Task item
Could you copy the records below exactly, keeping none of the images?

□ □ □

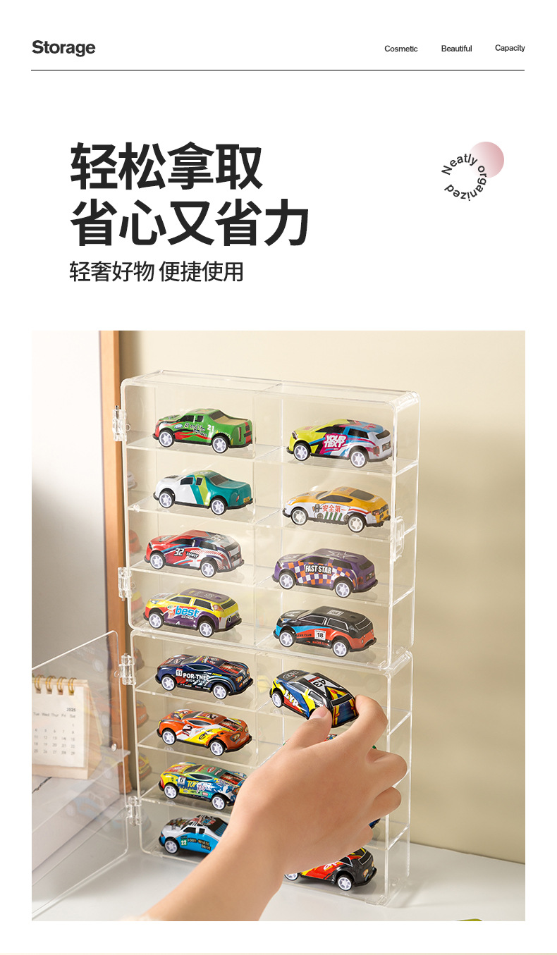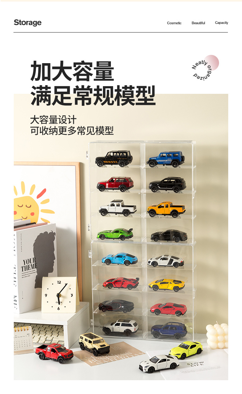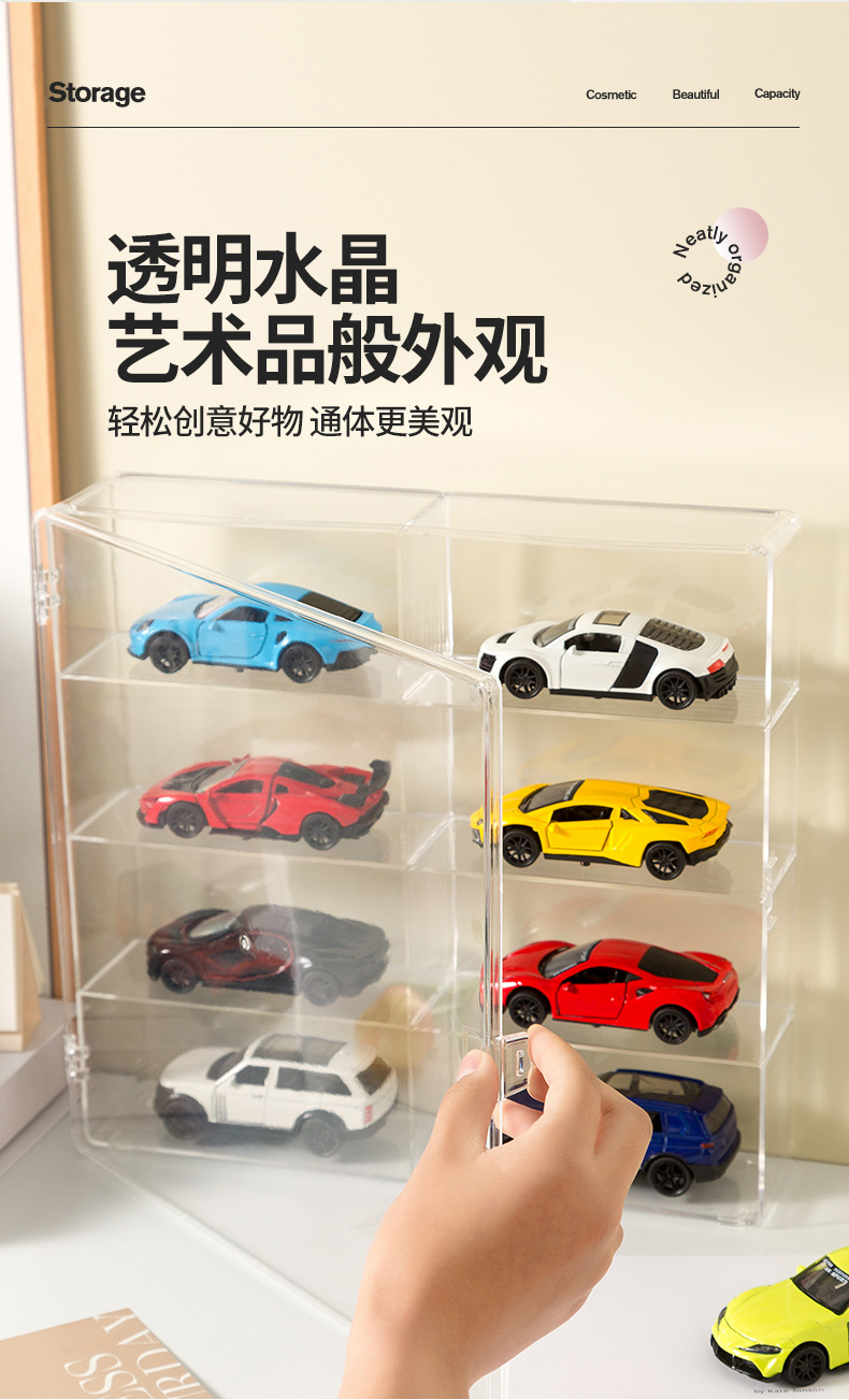 8格自動車玩具収納ケースアクリル透明展示棚多格防塵収納ケース灰防止カード収納
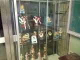 玄関にショーケースを設置しました。サッカーやミニバスケットボールクラブ、絵画展...
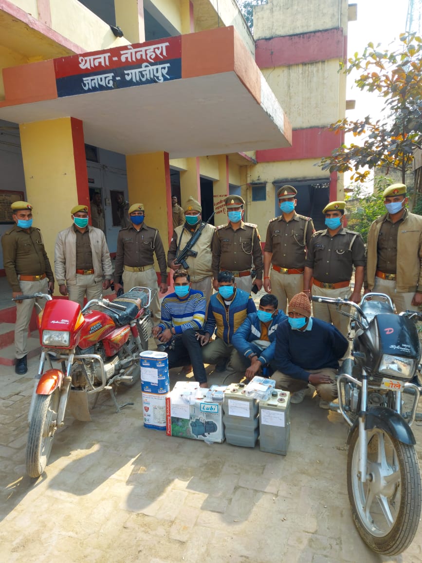 गाजीपुर। नोनहरा थाना पुलिस ने चोरी की घटनाओं में लिप्त चार अभियुक्तों को रात में गिरफ्तार करने में सफलता प्राप्त की है।
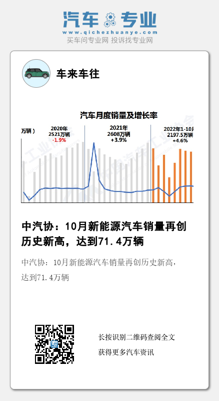 中汽协分析指出,10月产销环比小幅下降,说明受疫情多发散发等影响,终端市场承压;而同比依然保持增长势头,主要是车辆购置税减征政策的持续发力。
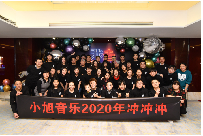 2020年,小旭音乐以游戏音频等TOB传统业务为基础,稳固提升收入的同时,以“短视频音乐营销”新业务为突破点,力图在短视频红人领域,打造更多抖音丫蛋蛋千万粉丝红人号和Q胖哥、袁莉媛等百万粉丝号,在北京、上海、成都、广州,四地继续持续发力。正如团队全家福的标语一样,一家创业14年的团队,仍然充满激情,2020继续冲冲冲!
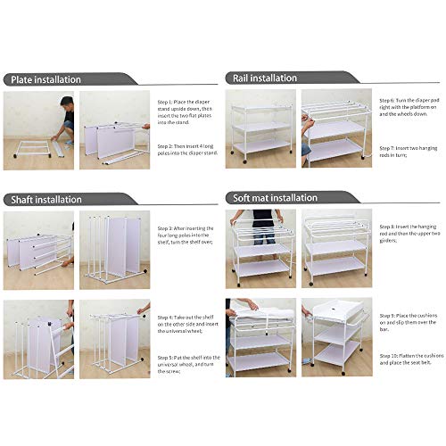 Design universale con ruota: il tavolo multifunzionale di cura dei pannolini per bambini ha una forte capacità di carico e le madri possono essere tranquille. Il tubo in acciaio spesso può sopportare un carico totale fino a 130 kg. La ruota universale è progettata per un facile spostamento. L'insieme del tavolo a strati può anche essere fissato sotto, potete scegliere liberamente mobile o fisso
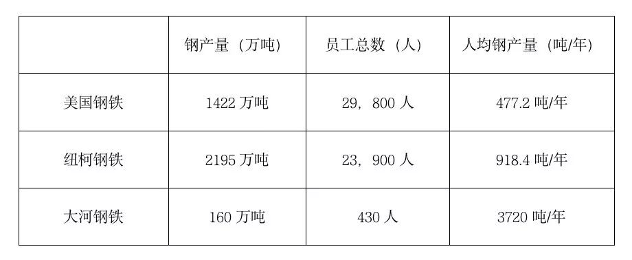 大河鋼廠二期總產量能達到每年330萬噸,總共只需要600多人,人均產鋼量將進一步達到5000噸/年。

□ □ □

Task response
 8格自動車玩具収納ケースアクリル透明展示棚多格防塵収納ケース灰防止カード収納
 玄関にショーケースを設置しました。サッカーやミニバスケットボールクラブ、絵画展...
 गाजीपुर। नोनहरा थाना पुलिस ने चोरी की घटनाओं में लिप्त चार अभियुक्तों को रात में गिरफ्तार करने में सफलता प्राप्त की है।
 中汽协分析指出,10月产销环比小幅下降,说明受疫情多发散发等影响,终端市场承压;而同比依然保持增长势头,主要是车辆购置税减征政策的持续发力。
 2020年,小旭音乐以游戏音频等TOB传统业务为基础,稳固提升收入的同时,以“短视频音乐营销”新业务为突破点,力图在短视频红人领域,打造更多抖音丫蛋蛋千万粉丝红人号和Q胖哥、袁莉媛等百万粉丝号,在北京、上海、成都、广州,四地继续持续发力。正如团队全家福的标语一样,一家创业14年的团队,仍然充满激情,2020继续冲冲冲!
 Design universale con ruota: il tavolo multifunzionale di cura dei pannolini per bambini ha una forte capacità di carico e le madri possono essere tranquille. Il tubo in acciaio spesso può sopportare un carico totale fino a 130 kg. La ruota universale è progettata per un facile spostamento. L'insieme del tavolo a strati può anche essere fissato sotto, potete scegliere liberamente mobile o fisso
 大河鋼廠二期總產量能達到每年330萬噸,總共只需要600多人,人均產鋼量將進一步達到5000噸/年。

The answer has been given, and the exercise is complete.